Marketing a boot camp program is no different than marketing any other class or program. Word of mouth is usually the best way to attract new students, and in the long run, is how the majority of students come to a new class. Initially, though, it is important to get the word out to your members by direct mail, flyers in the fitness center, a facility marquee, emails, newsletter, website, etc. Whatever you can do to pump up the class will help. Incentive programs are a great way to keep students involved. In the boot camp program at the Waukegan Park District in Waukegan, Ill., every student gets a Boot Camp Card the first time they attend, and the instructor signs it after every workout (the card itself is a pretty cool keepsake). After every 20 workouts, the student gets a T-shirt adorned with a humorous phrase like, "Thank You Sir. May I Have Another?" or "The Beatings Will Stop Once Morale Improves." Of course, the T-shirts also have the fitness center's name somewhere to help promote the facility. T-shirts or other giveaways are a great way to promote your program, and a fun incentive to keep students coming back.

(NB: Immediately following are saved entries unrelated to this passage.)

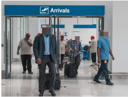
In public areas, e.g. airports
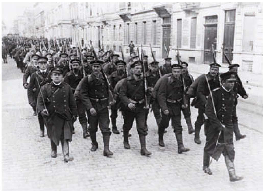
■ The entry of the Navy Division in Brussels

When WWI broke out in 1914, the optimistic idea was prevalent that the war would be short. Both sides were convinced of a swift and glorious victory. The goal of the German Schlieffen Plan to eliminate the French land forces by sweeping through Belgium and Luxembourg, and to take the Channel ports in France to facilitate an attack on Britain was not achieved. The German advance was halted by flooding part of the Yser plain, among other factors. The Germans had only succeeded in taking Zeebrugge and Ostend. At first, the British did not wish to destroy these ports as they assumed they would soon be recaptured.
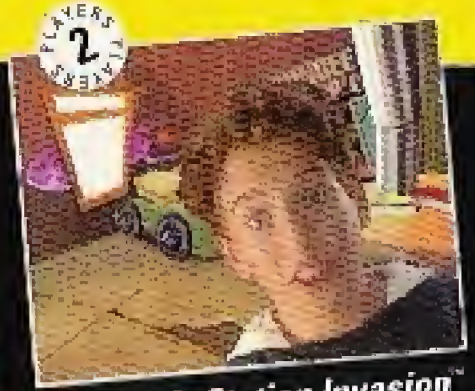
Club 3DO: Station Invasion™

Eleven Hot Titles! This Shouldn't Hurt...Much.
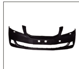
FRONT BUMPER 901.TY05144BA OE:
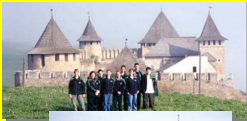
The fortress at Khotyn, on the banks of the Dnister River
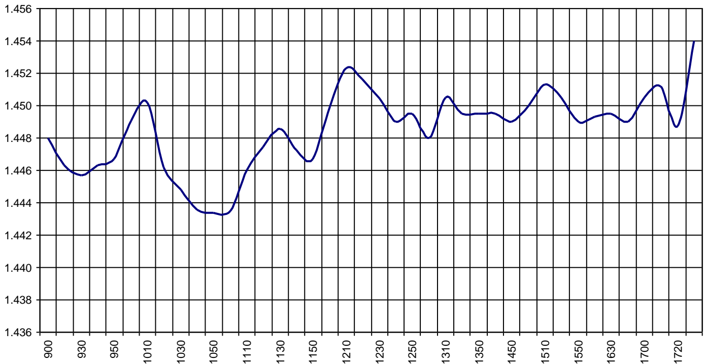
Valor medio del índice IBEX MAB® All Share cada 10' (Index Average every 10')
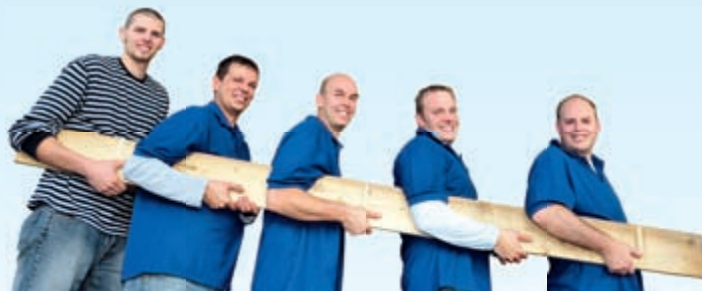
A formidable team – RWE Supply & Trading giving the outdoor play area of the Vincenzheim in Dortmund a facelift.
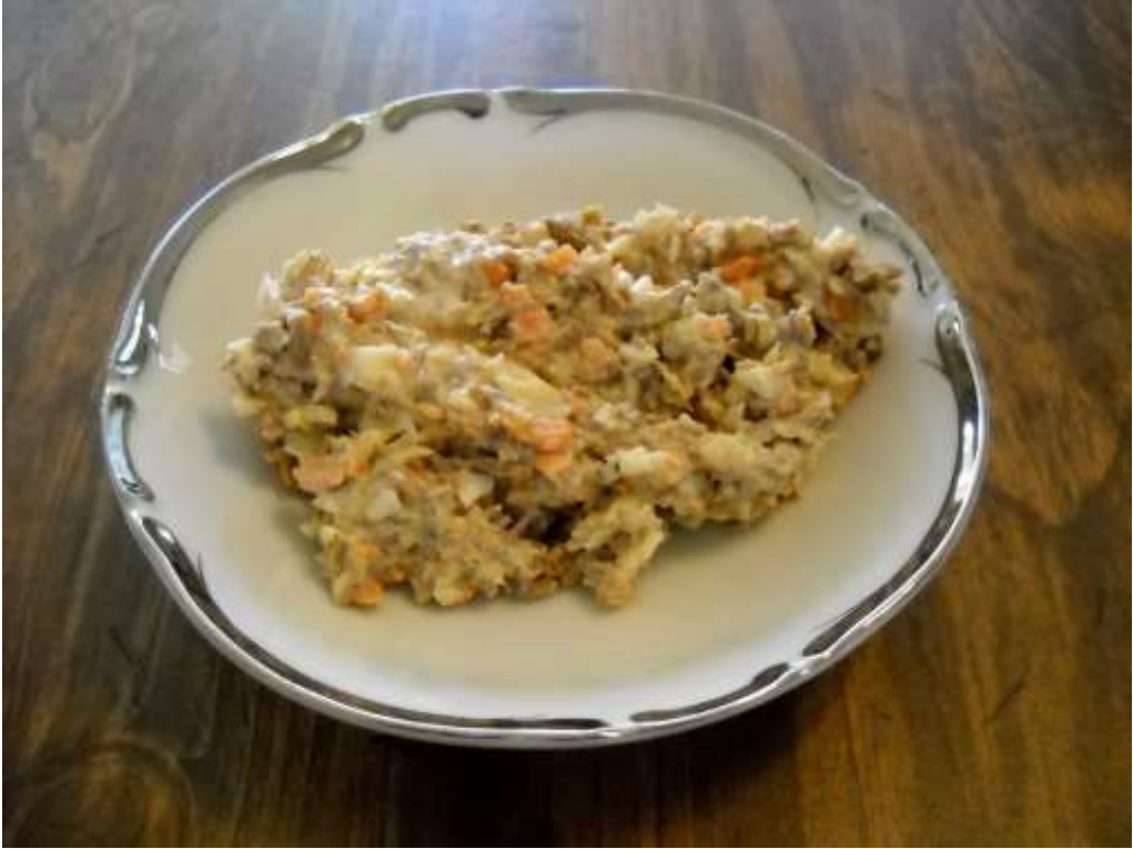
Figure 59. Beef Salad
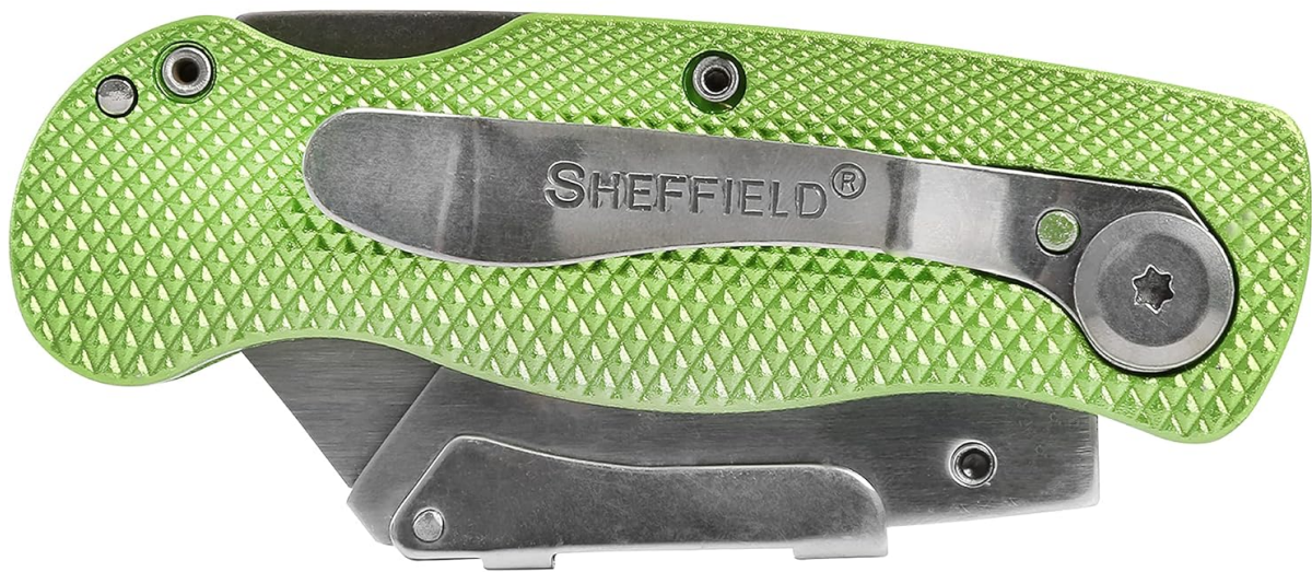
Image 1.2: Top and bottom views of the Sheffield Folding Utility Knife, highlighting the integrated pocket clip for convenient carrying.
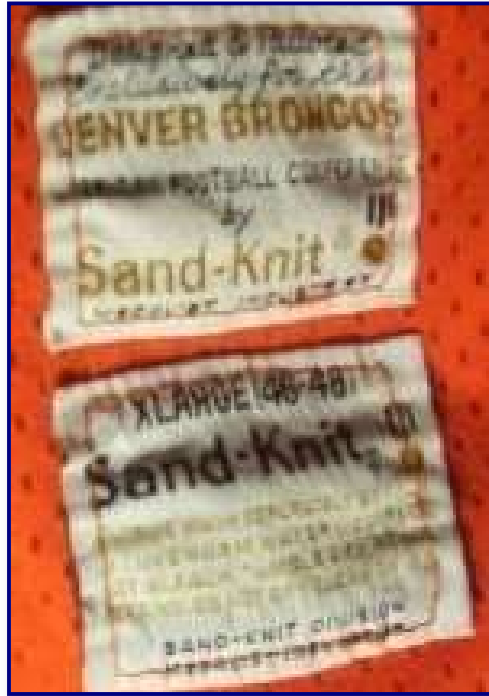
Fig 76-5. Tagging detail from circa 1976 home jersey
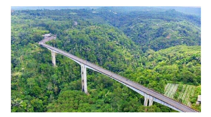
Figure 2. Tukad Bangkung Bridge, Pelaga Village

The natural condition of Pelaga Village is a fairly humid village, with an average temperature of 20 °C to 30 °C, with an average rainfall of 1,471 cm per year. The topography of the area is hilly with a slope of 62°. Therefore, agricultural land is generally made up of terraces in the form of terraces [25], [26]. In the population of Pelaga Village in 2016, the male population is 3,043 while the female population is 3,004 people. The population of Pelaga Village who graduated from elementary school was 70 people, 9 people graduated from junior high school, 180 people graduated from high school/vocational school, 22 people graduated with a diploma, and 90 people graduated with a bachelor's degree. Meanwhile, 515 people do not go to school and 2,330 people have not finished elementary school [27], [28].
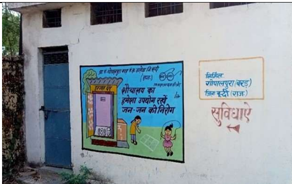
Roof leaks during rains of this facility in Gopalpura Panchayat
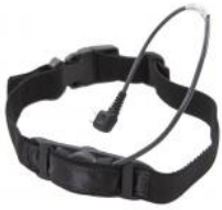
AK6070T Throat microphone for all A-kabel type Headsets
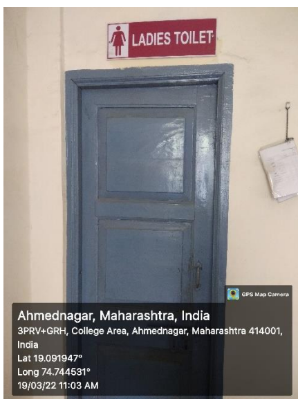
5. Separate washroom for ladies
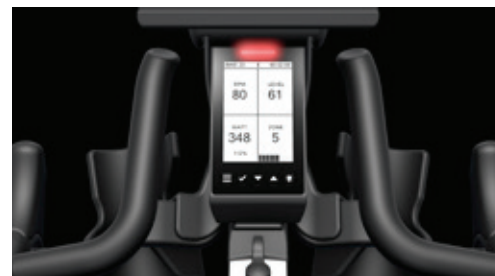
WATTRATE® LCD COMPUTER WITH COACH BY COLOR® AND CONNECT TECHNOLOGY
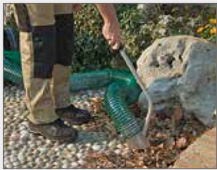
LB Hose Kit 10cm x 210cm (900460)
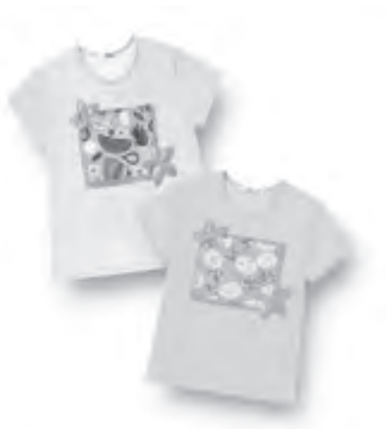
Color Changing Sequined Tee by Justees Girls
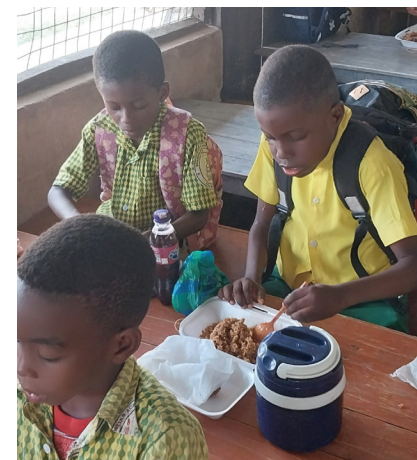
Students of Evangelical Christian Academy in Ghana
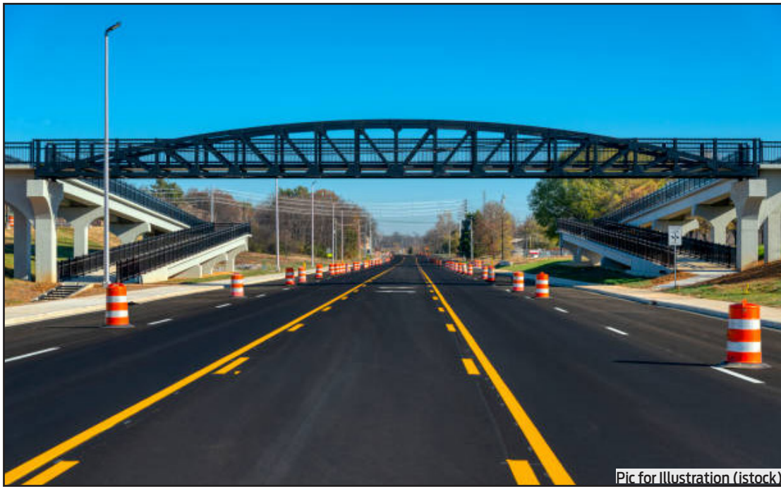
Pic for illustration

Meanwhile, investigations have been initiated—(KNO)
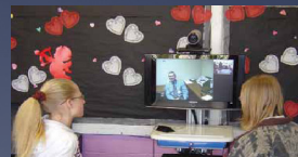
Telehealth in schools
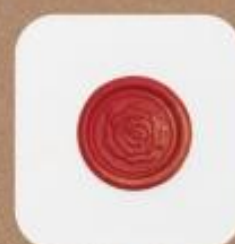
Stamp Rose 3.8 cm x 3.8 cm
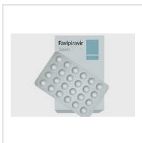
Favipiravir Favivent Tablets
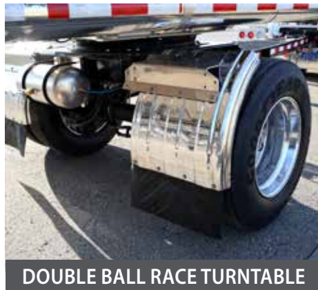
DOUBLE BALL RACE TURNTABLE
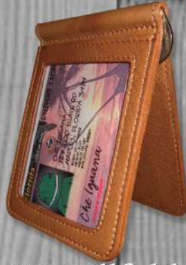
ID Billfold #99125 (4" x 2.75")
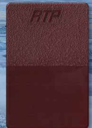
MULLED WINE S-903734 MB 4% | Nylon (PA) Metallic Medium Flake
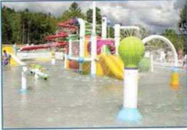
Liquid Planet Water Park celebrates its grand opening.

✦ Liquid Planet Water Park , Candia, N.H., a $4.5 million waterpark with a 5,000-square-foot water spray park with interactive water features (by Empex), a 30-foot-tall slide tower with two 300-foot-long slides (by West Wind Leisure Group), a 1500-square-foot, state-of-
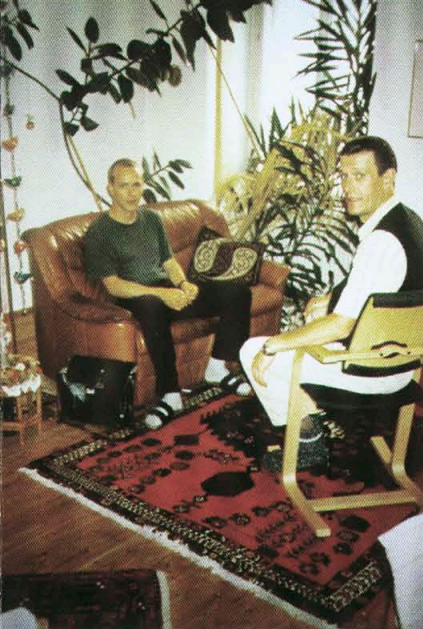
DESPERATELY SEEKING ARTWORK 1997
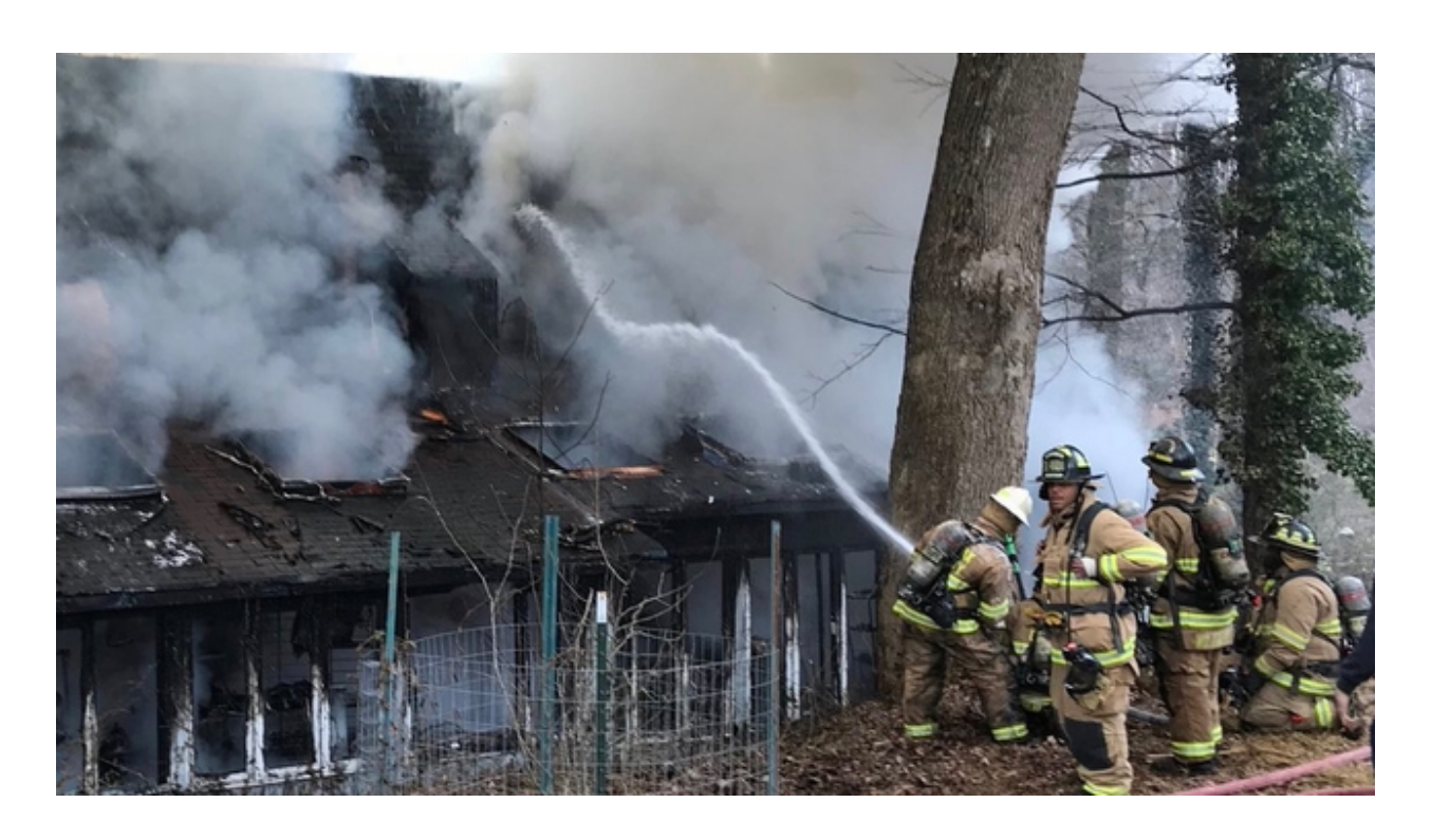
MCLEAN, Va. (FOX 5 DC) - One person is dead after a fire in the McLean area on Saturday afternoon.

POSTED MAR 09 2019 04:09PM EST VIDEO POSTED MAR 09 2019 07:35PM EST UPDATED MAR 09 2019 08:33PM EST

Now get out there and train!

Boot camp programs are a great way to attract members to your group exercise program, and provide them an opportunity to experience intense fitness training. How well a boot camp program will do depends primarily on the instructor and their ability to devise, develop and implement an interesting program. Additionally, that instructor has to lead from the front physically and possess a dynamic, motivating personality without being seen as self-centered or arrogant. Put together properly, boot camp programs can be fun and entertaining, and can evolve into an identifying feature of any fitness center.